Nissan Uses Mini Car Wash to Test Paint
This tiny car wash gives Nissan’s paints a thorough torture test before they’re deployed to the real world.
There are some cars that we almost expect to have battered paint. White Chrysler products from the 1990s were notorious for their paint flaking off. Some General Motors vans have also suffered from this to a lesser extent. But the only Nissan I've ever seen with bad paint was my 1991 Sentra SE-R, half of which had been rattle-canned before I got it—clearly not Nissan's fault.
Nissan showed off a unique machine that may be the smallest car wash in the world. It consists of a single small brush that spins at 180 rpm.
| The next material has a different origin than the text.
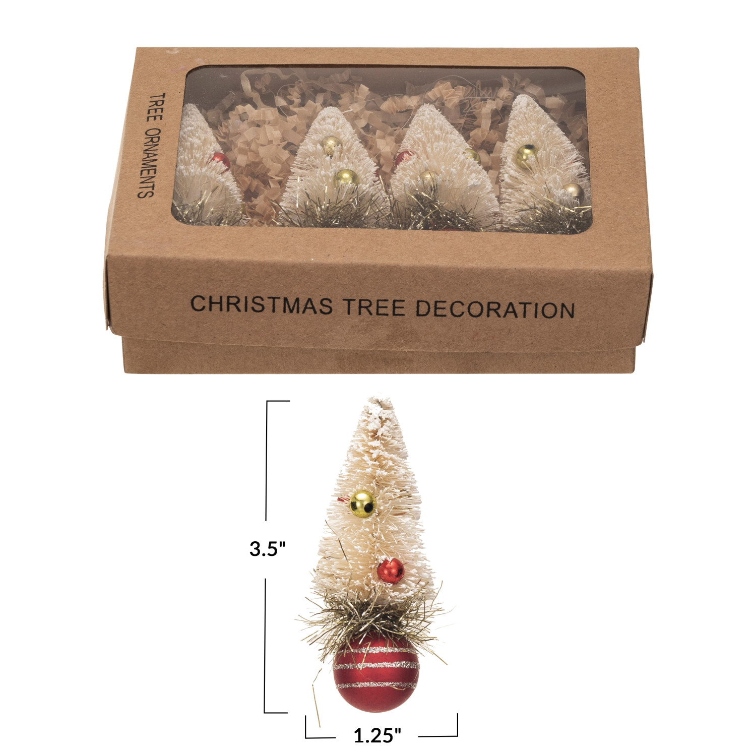 Catalog Name: 1-1/4" Round x 3-1/2"H Sisal Bottle Brush Tree Ornaments w/ Beads, Glass Ball Base & Glitter, Red & Cream Color, Boxed Set of 4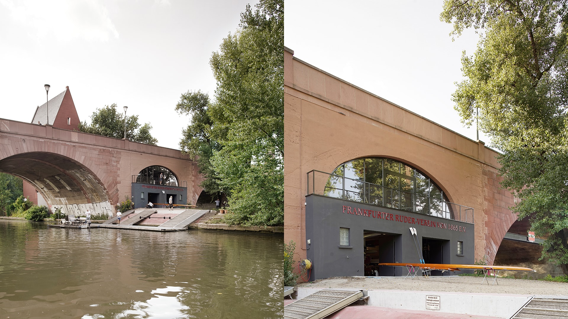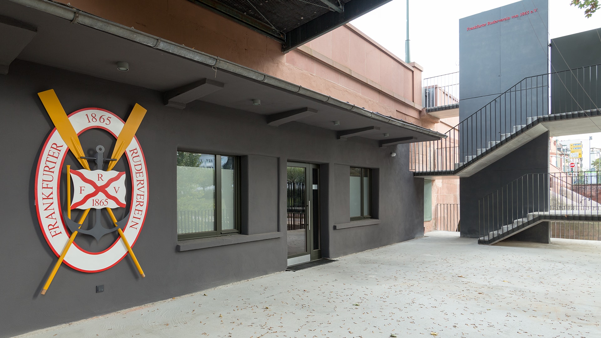 Das Bootshaus des Frankfurter Rudervereins von 1865 – der älteste seiner Art im deutschen Binnenland – befindet sich bereits seit 1871 auf der Maininsel. Von mehreren Hochwassern gezeichnet und baulich in die Jahre gekommen, kam der Verein mit der Bitte auf uns zu, ein Modernisierungskonzept zu entwickeln, welches dem Ruderverein einen frischen Look verleihen würde. Durch das hohe Engagement der Vereinsmitglieder, die neben jahrelangem Sparen auch tatkräftig mit Eigenleistung das Bauvorhaben unterstützen, konnten wir mit minimalem Budget ein maximales Ergebnis erzielen.

Some people specifically avoid car washes like this to prevent their paint from getting scratched up by the bristles. Nissan paints small metal plates the same way a car would be painted, then runs them through the wash for many, many cycles.
But no one takes a clean car to the car wash. In between wash cycles engineers add what they call "Arizona test dirt," a particularly abrasive compound that gets washed off the sample—without soap.
Nissan put a model 370Z in the mini wash for demonstration purposes but uses flat metal plates for testing. If the paint holds up to countless cycles of dirt and bristles, it's good enough for the real world (or a galaxy far, far away). This may be why I almost never see a Nissan with bad paint.
Well, except for my old Sentra SE-R.